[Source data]
-- Opening Marker --

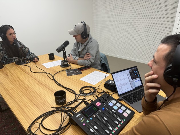 Sara Zozaia musikaria, Gorka Erostarbe MurMur saioaren gidaria eta Ander Mujika sintoniaren egilea eta musika teknikaria, lehen grabazioan. LARA MADINABEITIA
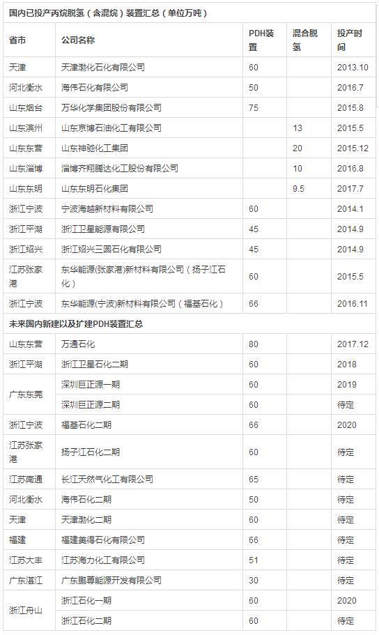 近年來,丙烷脫氫工藝在中國迅速發(fā)展,產(chǎn)能擴張速度驚人,逐漸成為丙烯重要來源之一。自2013年10月,隨著天津渤化60萬噸/年的丙烷脫氫裝置投產(chǎn)運行,丙烷脫氫裝置在國內(nèi)正式拉開序幕。此后的幾年里,丙烷脫氫裝置在國內(nèi)遍地開花,迅速發(fā)展,主要集中在華東的江浙地區(qū)、華北地區(qū)以及山東地區(qū),而且近兩三年混合烷烴脫氫這種更加靈活的裝置在山東地區(qū)陸續(xù)投產(chǎn)運行。至今,國內(nèi)丙烷脫氫(含混烷)制丙烯總產(chǎn)能達到513.5萬噸。但是從下表可以看出,華南地區(qū)尚無丙烷脫氫裝置,深圳巨正源丙烷脫氫裝置建成后,將填補華南地區(qū)丙烷脫氫制高性能聚丙烯及下游加工項目的空缺,給當(dāng)?shù)鼗て髽I(yè)提供優(yōu)質(zhì)的化工原料。
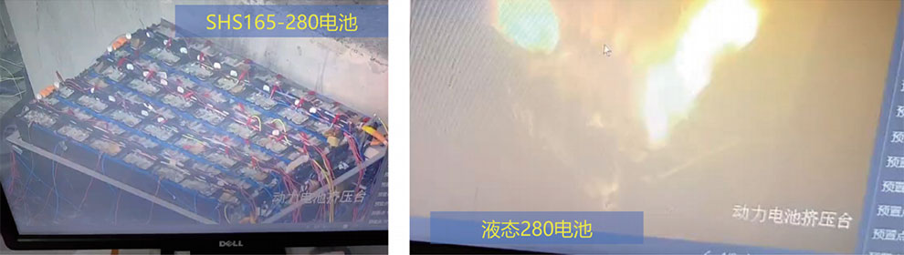 ◆ SHS165 -280電芯組成1P52S模組分別進(jìn)行180A過充測(cè)試/280A過充測(cè)試,單體電芯未發(fā)生熱失控,模組未冒煙、未起火、未爆炸
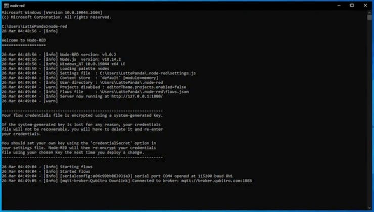 In this message, you can see the IP address with the port number. In my case it is http://127.0.0.1:1880. Enter this local IP address in the LattePanda's browser. It will open the Node-RED dashboard:
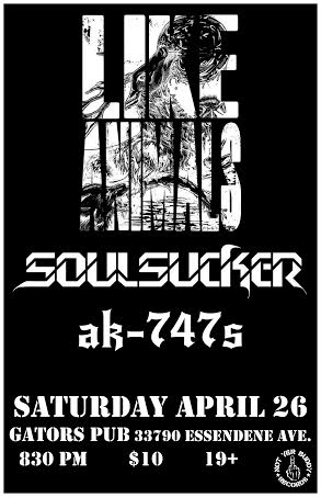 Like Animals, Soulsucker, AK-747s @ Gator's Pub Apr 26 2014 - Jan 9th @ Gator's Pub
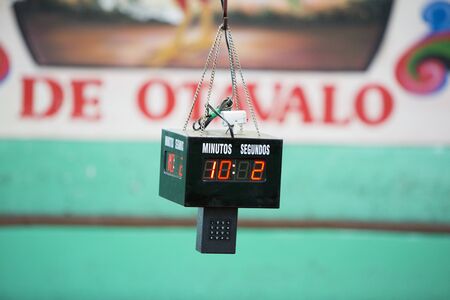 Close-up of a central stopwatch for cockfighting with Otavalo letters in the background, Ecuador 2015.
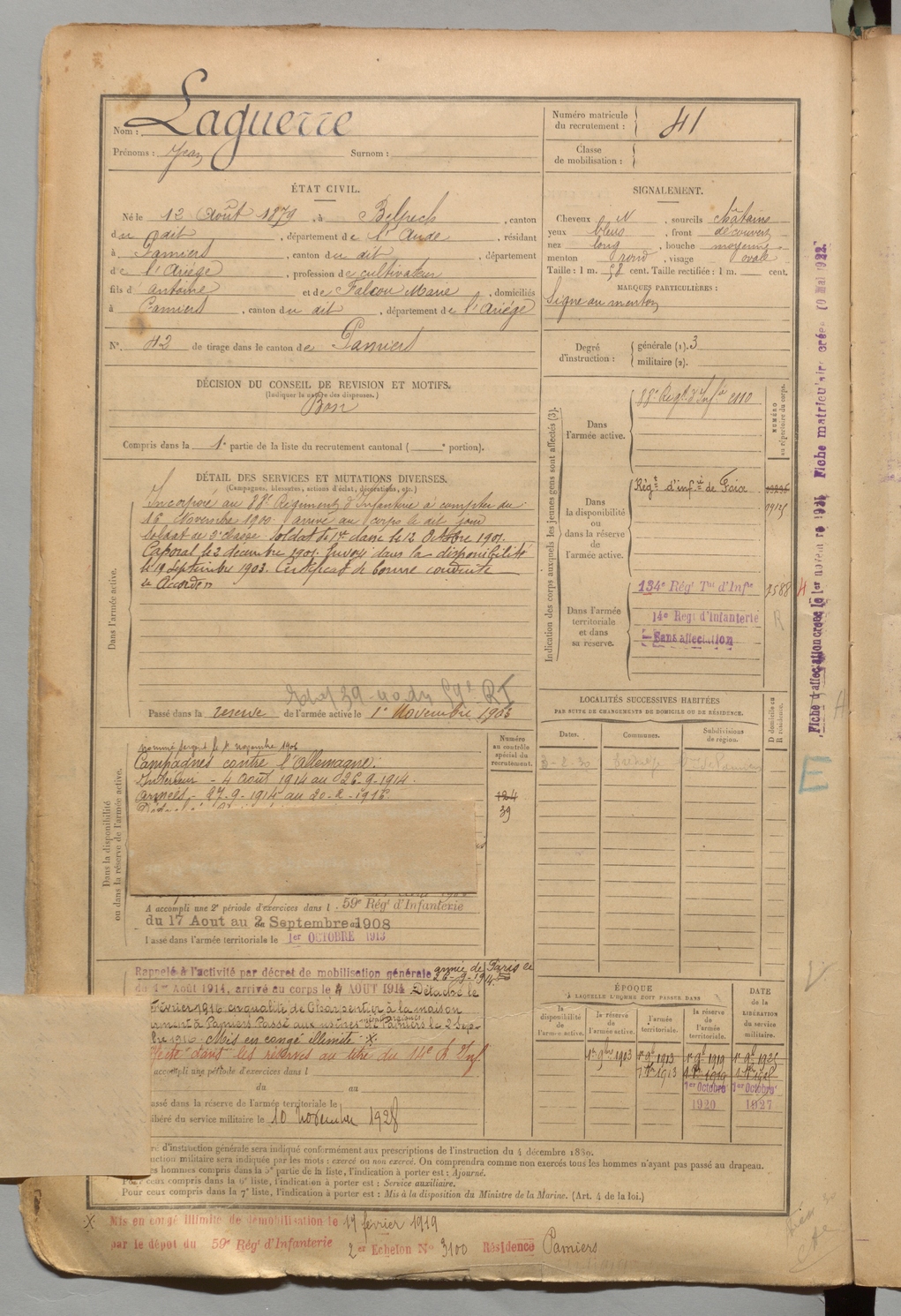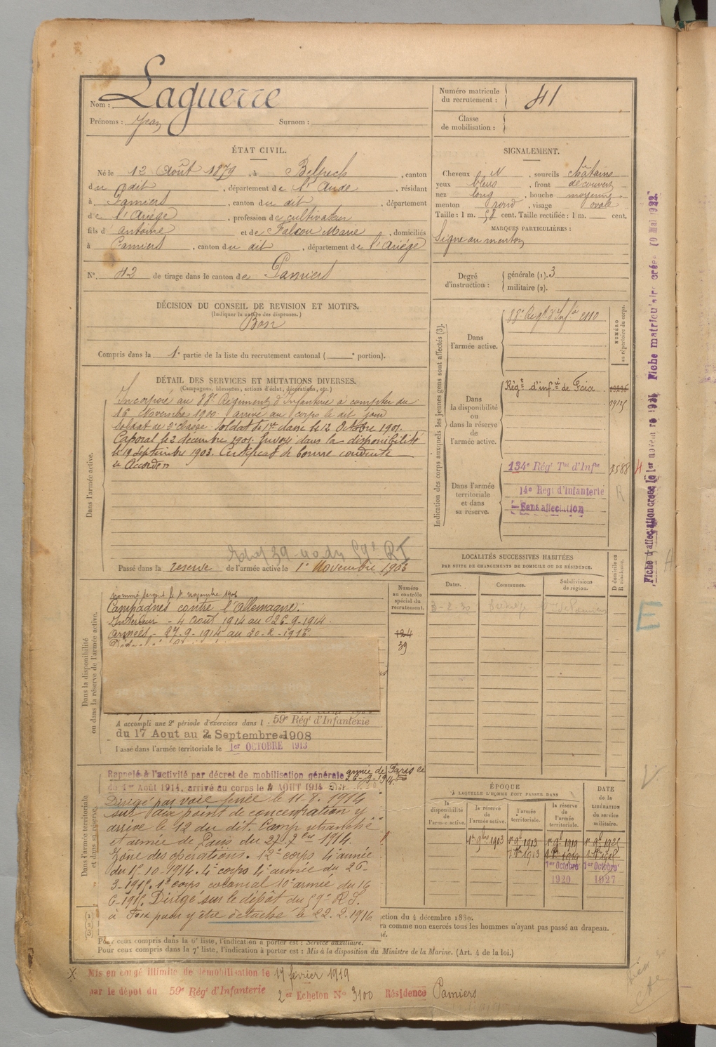 | Laguerre | Jean | FOIX | 1 R 456 | 1899 | Belpech | Pamiers | 41 |

-- Closing Marker --

Please print the entries exactly as they stand. Images are not part of the copy.

 Sara Zozaia musikaria, Gorka Erostarbe MurMur saioaren gidaria eta Ander Mujika sintoniaren egilea eta musika teknikaria, lehen grabazioan. LARA MADINABEITIA
 近年來,丙烷脫氫工藝在中國迅速發(fā)展,產(chǎn)能擴張速度驚人,逐漸成為丙烯重要來源之一。自2013年10月,隨著天津渤化60萬噸/年的丙烷脫氫裝置投產(chǎn)運行,丙烷脫氫裝置在國內(nèi)正式拉開序幕。此后的幾年里,丙烷脫氫裝置在國內(nèi)遍地開花,迅速發(fā)展,主要集中在華東的江浙地區(qū)、華北地區(qū)以及山東地區(qū),而且近兩三年混合烷烴脫氫這種更加靈活的裝置在山東地區(qū)陸續(xù)投產(chǎn)運行。至今,國內(nèi)丙烷脫氫(含混烷)制丙烯總產(chǎn)能達到513.5萬噸。但是從下表可以看出,華南地區(qū)尚無丙烷脫氫裝置,深圳巨正源丙烷脫氫裝置建成后,將填補華南地區(qū)丙烷脫氫制高性能聚丙烯及下游加工項目的空缺,給當(dāng)?shù)鼗て髽I(yè)提供優(yōu)質(zhì)的化工原料。
 ◆ SHS165 -280電芯組成1P52S模組分別進(jìn)行180A過充測(cè)試/280A過充測(cè)試,單體電芯未發(fā)生熱失控,模組未冒煙、未起火、未爆炸
 In this message, you can see the IP address with the port number. In my case it is http://127.0.0.1:1880. Enter this local IP address in the LattePanda's browser. It will open the Node-RED dashboard:
 Like Animals, Soulsucker, AK-747s @ Gator's Pub Apr 26 2014 - Jan 9th @ Gator's Pub
 Close-up of a central stopwatch for cockfighting with Otavalo letters in the background, Ecuador 2015.
 | Laguerre | Jean | FOIX | 1 R 456 | 1899 | Belpech | Pamiers | 41 |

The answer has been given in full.